Special Issue Information

Dear Colleagues,

The escalating crisis of antibiotic resistance, coupled with a decrease in the development of novel antibiotics, demands innovative approaches to improve current antimicrobial prescribing practices. This Special Issue focuses on antimicrobial stewardship and optimizing antibiotic dose in critically ill patients, highlighting the challenges clinicians face in striking the balance between effective therapy and minimizing antibiotic resistance.

In clinical practice, ensuring appropriate antibiotic dosing is essential for therapeutic success in critically ill patients. Critical illness has profound effects on the pharmacokinetics and pharmacodynamics of antibiotics. Patients are at an increased risk of both under- and overdosing of drugs, leading to either therapeutic failure, antibiotic resistance or toxicity. We suggest that the articles submitted to this Special Issue focus on the importance of individualizing antibiotic therapy, developing dynamic prescribing practices, incorporating clinical susceptibility data and employing pharmacokinetic/pharmacodynamic principles for dose optimization.

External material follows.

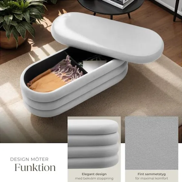 - Praktisk sittbänk med förvaring i mjukt och elegant sammetstyg
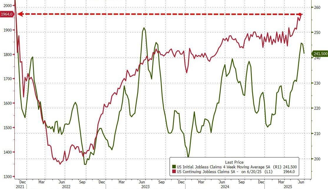 Continuing jobless claims were flat at 1.964mm Americans - the highest since Nov 2021...

Additionally, this issue will cover the antimicrobial stewardship programs (ASPs) that promote responsible antibiotic use. By integrating these programs into the healthcare system, healthcare professionals can align their prescribing practices with evidence-based guidelines and minimize the development of resistant strains. The need for collaboration between different disciplines—such as infection control, microbiology, clinical pharmacy and therapeutics—is underscored throughout this issue to maximize the outcomes of ASPs.

Prof. Dr. Barbara J. Philips
Guest Editor

Manuscript Submission Information

Manuscripts should be submitted online at www.mdpi.com by registering and logging in to this website. Once you are registered, click here to go to the submission form. Manuscripts can be submitted until the deadline. All submissions that pass pre-check are peer-reviewed. Accepted papers will be published continuously in the journal (as soon as accepted) and will be listed together on the special issue website. Research articles, review articles as well as short communications are invited. For planned papers, a title and short abstract (about 100 words) can be sent to the Editorial Office for announcement on this website.

Submitted manuscripts should not have been published previously, nor be under consideration for publication elsewhere (except conference proceedings papers). All manuscripts are thoroughly refereed through a single-blind peer-review process. A guide for authors and other relevant information for submission of manuscripts is available on the Instructions for Authors page. Antibiotics is an international peer-reviewed open access monthly journal published by MDPI.

Please visit the Instructions for Authors page before submitting a manuscript. The Article Processing Charge (APC) for publication in this open access journal is 2900 CHF (Swiss Francs). Submitted papers should be well formatted and use good English. Authors may use MDPI's English editing service prior to publication or during author revisions.

Keywords

  • antibiotics
  • antimicrobials
  • intensive care
  • critical care
  • sepsis
  • pharmacokinetics
  • pharmacodynamics
  • stewardship
  • beta-lactams
  • aminoglycosides
  • quinolones
  • cephalosporins
  • antifungal

Published Papers (1 paper)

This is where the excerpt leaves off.